• [Records for processing]:
···

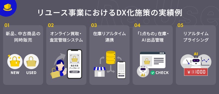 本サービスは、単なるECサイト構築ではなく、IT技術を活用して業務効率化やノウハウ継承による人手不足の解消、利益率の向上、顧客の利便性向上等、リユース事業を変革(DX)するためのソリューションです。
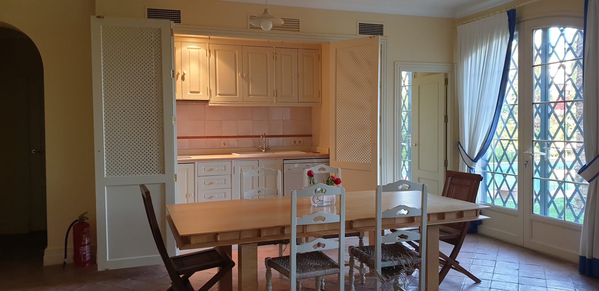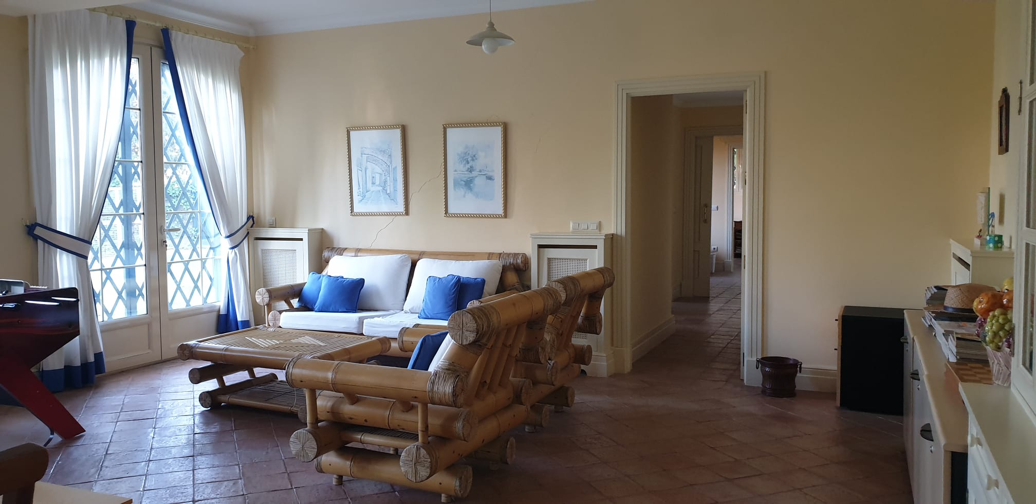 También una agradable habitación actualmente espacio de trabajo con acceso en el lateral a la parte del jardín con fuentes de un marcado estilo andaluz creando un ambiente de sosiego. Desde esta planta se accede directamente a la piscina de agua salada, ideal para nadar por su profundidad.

···

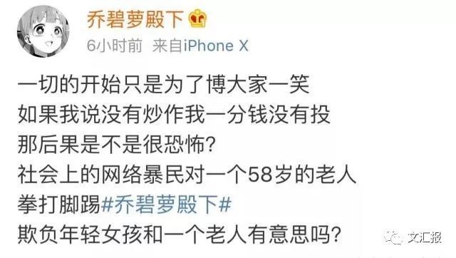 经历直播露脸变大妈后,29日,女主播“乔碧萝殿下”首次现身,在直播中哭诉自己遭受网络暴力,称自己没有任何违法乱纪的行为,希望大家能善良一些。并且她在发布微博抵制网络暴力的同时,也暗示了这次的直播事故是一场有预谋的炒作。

···

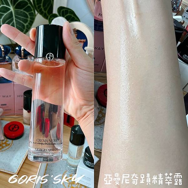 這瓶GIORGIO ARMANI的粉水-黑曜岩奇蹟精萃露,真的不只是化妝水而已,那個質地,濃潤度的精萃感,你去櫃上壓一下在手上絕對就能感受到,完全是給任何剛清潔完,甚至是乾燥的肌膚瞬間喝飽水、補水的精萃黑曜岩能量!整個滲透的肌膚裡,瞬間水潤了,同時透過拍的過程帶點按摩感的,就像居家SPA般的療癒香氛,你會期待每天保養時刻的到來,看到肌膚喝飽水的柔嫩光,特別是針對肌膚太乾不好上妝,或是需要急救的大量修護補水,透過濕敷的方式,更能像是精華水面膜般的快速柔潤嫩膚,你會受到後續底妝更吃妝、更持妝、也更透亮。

···

• [Exercise objective]: Output should consist of the lines above from the one with "本サービスは、単なるECサイ" down to the one with "También una agradable", exact and without pictures.

• [Written response]:
 本サービスは、単なるECサイト構築ではなく、IT技術を活用して業務効率化やノウハウ継承による人手不足の解消、利益率の向上、顧客の利便性向上等、リユース事業を変革(DX)するためのソリューションです。
 También una agradable habitación actualmente espacio de trabajo con acceso en el lateral a la parte del jardín con fuentes de un marcado estilo andaluz creando un ambiente de sosiego. Desde esta planta se accede directamente a la piscina de agua salada, ideal para nadar por su profundidad.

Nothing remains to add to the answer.